Chapter 7 is a liquidation proceeding. One way to understand this procedure is to think of it in terms of a bargain that you make with the Bankruptcy Court. When a person files a chapter 7 they are in essence telling the Bankruptcy Court that they are willing to turn over to the Bankruptcy Court all of their nonexempt assets (those assets that are in excess of the things that are allowed to keep when they file bankruptcy). In exchange for surrendering your nonexempt assets to the bankruptcy court you obtain an immediate discharge (release) from your debts.
Another way to describe, or think about, Chapter 7, is in terms of future income protection. By making the bargain with the Bankruptcy Court described above, you get to keep all of your income that you earn in the future without having to worry that the creditors from your past will try to collect those debts in the future.

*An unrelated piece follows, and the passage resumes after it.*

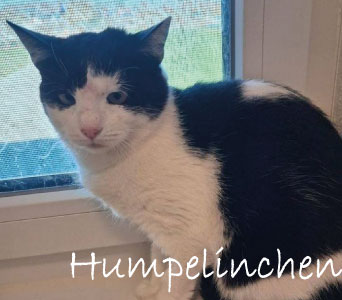 Humpelinchen lebte in der Gegend von Neuburg a.d.Donau als Streunerin. Sie wurde immer nur kurz an einer Futterstelle gesehen wenn sie Junge warf, dann verschwand sie wieder. Im Herbst wurde sie dann an der Stelle mit einem toten Katzenbaby gefunden. Endlich konnte sie gesichert werden. Eine Röntgenuntersuchung ergab einen alte Knochenverletzung an einem Gelenk, deswegen erinnert ihr Gang etwas an einen Hasen. Dazu hatte sie eine entzündete Fistel die lange nicht heilen wollte. Nach erfolgter Kastration durfte sie bei uns einziehen, ist aber noch recht scheu, was bei Streunern aber völlig normal ist.

Your ability to file a chapter 7 may be limited by your current income, the kind of debt you owe, and whether or not you have filed a bankruptcy in the past. Chapter 7 is limited to those individuals who are reasonably unable to pay their debts. Your ability to reasonably pay your debts may be limited by the “Means Test” that is part of the bankruptcy process.
Not every debt is eligible to be discharged in a chapter 7. The debts that most commonly cannot be discharge in bankruptcy include support obligations, recent taxes, and student loans (unless a hardship as defined under the law can be proven in court). There are a number of other debts that cannot be discharged in bankruptcy, but it is advisable to seek the advice of an experienced bankruptcy attorney to determine if any other debts cannot be discharged in bankruptcy.
The law limits how often an individual may obtain a discharge in bankruptcy. Generally speaking the person may only obtain a discharge in a chapter 7 once every eight years.